A Face Like Glass by Frances Hardinge
In Frances Hardinge’s delightfully quirky fantasy, A FACE LIKE GLASS, citizens of the underground city of Caverna are born with blank faces, and they must learn (and pay exorbitantly for) the facial expressions they choose to display throughout their lives. But 12-year-old Neverfell’s face shows every emotion she feels, which terrifies everyone who looks upon it. Because of this, Cheesemaster Grandible, who has raised her since she dropped into one of his cheese vats as a young girl with no memory of where she came from, has her wear a mask at all times. Of course, as readers we recognize ourselves in Neverfell’s monstrous facial expressions, giving us peculiar insight in identifying the true monsters of this underground world.
The Assassination of Brangwain Spurge by M. T. Anderson and Eugene Yelchin
In THE ASSASSINATION OF BRANGWAIN SPURGE, M.T. Anderson and Eugene Yelchin tell the story of elfin historian Brangwain Spurge’s foray into goblin territory in a creatively brilliant way.

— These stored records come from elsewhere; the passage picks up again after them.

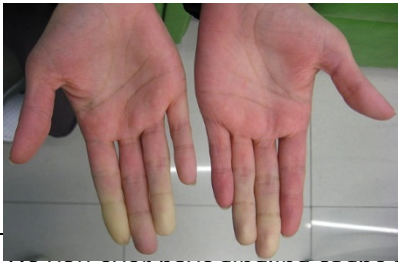
Vibration can damage the blood vessels in the hands and cause the fingers to turn white.
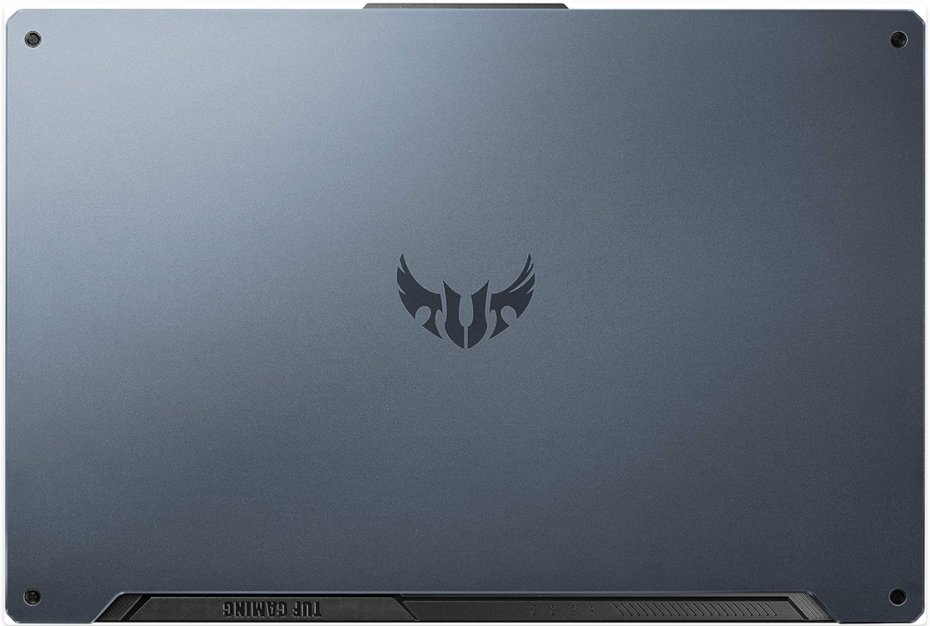
Figure 5: Rear Cooling Vents

The laptop features an Anti-Dust Cooling (ADC) system with dual self-cleaning fans to maintain stability and prevent dust buildup. Regularly ensure that the cooling vents are not obstructed to allow for optimal airflow.
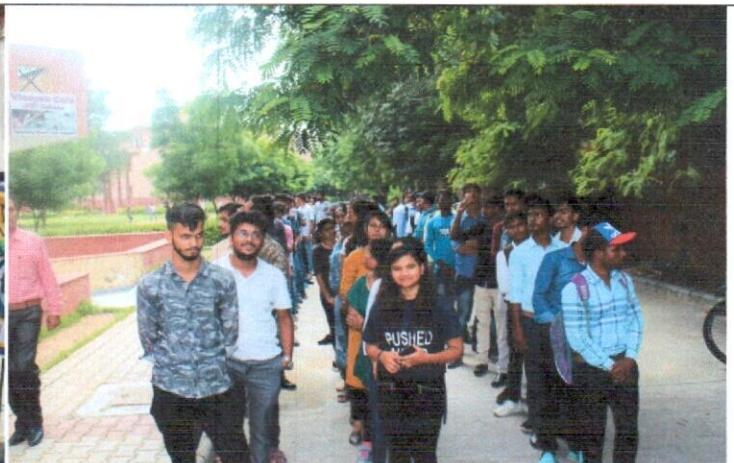
Figure 2 Marathon, 19/3/2019
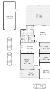
6 Wattle Street, South Perth

This floor plan is not to scale. Dimensions are approximate and therefore should only be used for illustrative purposes.
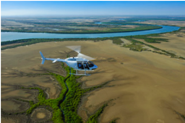
RINYIRRU (LAKEFIELD) NATIONAL PARK, NT

*Conditions apply. From price available for bookings made on or before 30 July 2021 unless allocation sold out prior. Valid for travel in 2022. Discounts vary between tours and between months of travel. Visit outbackspirittours.com.au for more details.
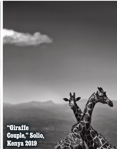
"Giraffe Couple," Solio, Kenya 2019
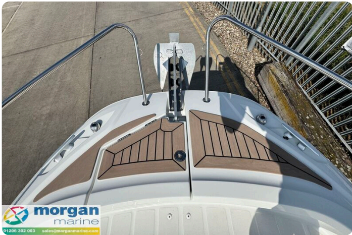
Jeanneau Cap Camarat 7.5 WA S3 - bow locker
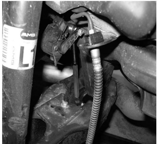
Rear Adjustable Link installed
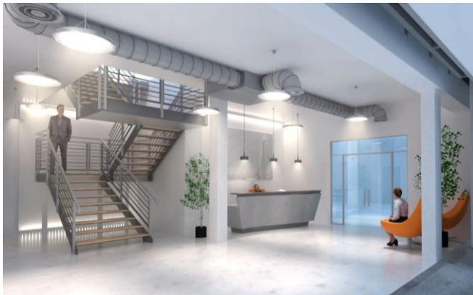
*CGI of ground floor reception
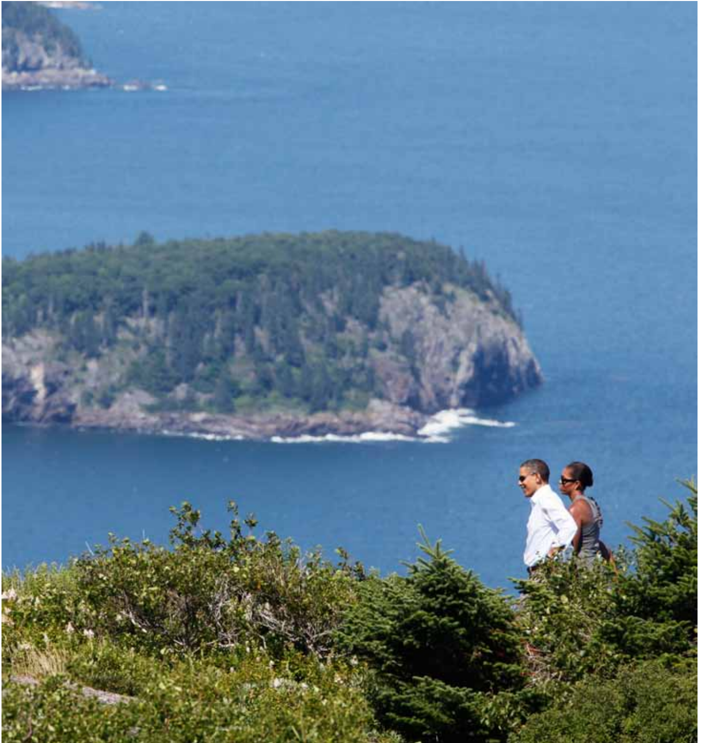
President Barack Obama, first lady Michelle Obama visit Cadillac Mountain in Acadia National Park, Bar Harbor, Maine, July 16, 2010.
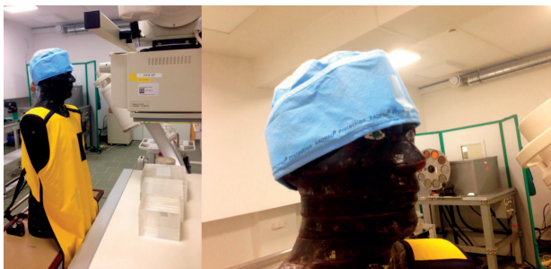
Figure 2. The geometry of the measuring system in the laboratory

being performed by the physician working in the second center. In total, 14 measurements were performed including doses from 291 procedures. Moreover, only 3 dosimeters outside and inside the lead free cap were attached in the regions of the highest exposure as determined during the first phase: on the left temple, on the left eyebrow and on the forehead between the eyes (Figure 1).
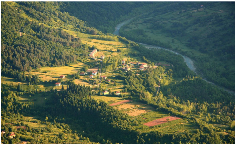
Area in Kure Mountains, Turkey where the Cide Regulator and Hydropower Plant is planned to be built
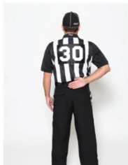
OBJECTIONABLE CONDUCT One hand behind back
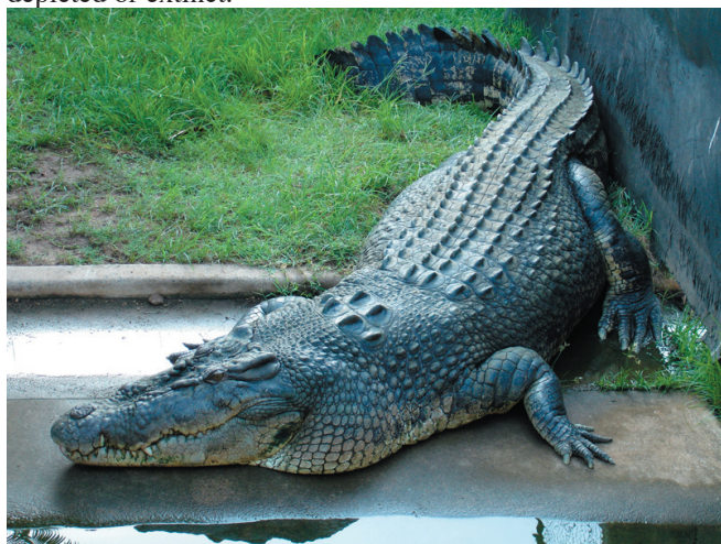
Figure 13. Captive breeding based on C. porosus is carried out in many Range States where the wild populations are depleted.

added to significantly through ranching programs (eggs, hatchlings and/or juveniles) in Indonesia, Papua New Guinea and Australia. Ranching is not possible in much of the former range of C. porosus because wild populations are severely depleted or extinct.
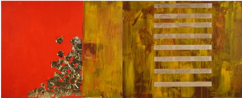
Wat (2006) mixed media on canvas, diptych 200cm x 80cm from the series "Lifestyle Art Project: Thailand"

Thailand offers a bounty of new colors and forms for Perkins to incorporate into his signature collages. The palette is much warmer, and the icons of the region include elephants and Buddhas. Perkins also tantalizes us with characters from the Thai alphabet, elegant lines and curves that are so pregnant with the potential for meaning.
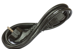
2x IEC cords
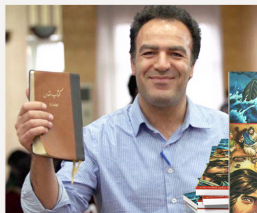
Persian Bibles and Bible Storybooks in Farsi for Iran
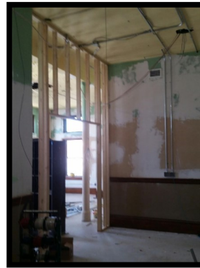
There will now be a wall in the Commission Office separating the Commissioners and the reception area.
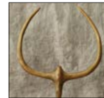
Rereroa 2022 (#2/8)

The story is narrated mostly by nerdy and adorable goblin archivist Werfel, who is trying his utmost to be a pleasant host to this elfin ambassador. However, the illustrated missives Brangwain sends back home reveal to the reader the ongoing cultural misunderstandings, stereotypes, and differing perspectives that continually threaten the success of the mission and the overall peace between the two nations. The readers understand every miscommunication the main characters don’t realize they’re having, providing a fascinating perspective to the story.
“The narrative concepts are novel, and the characters are easy to feel empathy for… A clever head trip.”
– Kirkus Reviews
A mind-bending YA novel about a world where everyone has a bit of magic in them—but some magic is being used to change the world in unspeakable ways.
Vera has a nagging feeling that she’s forgetting something. Not her keys or her homework—something bigger. Or someone. When she discovers her best friend Riven is experiencing the same strange feeling, they set out on a mission to uncover what’s going on. Everyone in Vera’s world has a special ability—a little bit of magic that helps them through the day. Perhaps someone’s ability is interfering with their memory? Or is something altering their very reality? Vera and Riven intend to fix it and get back whatever or whomever they’ve lost. But how do you find the truth when you can’t even remember what you’re looking for in the first place? The Forgotten Memories of Vera Glass is a cleverly constructed, heartbreaking, and compelling contemporary YA novel with a slight fantasy twist about memory, love, grief, and the invisible bonds that tie us to each other.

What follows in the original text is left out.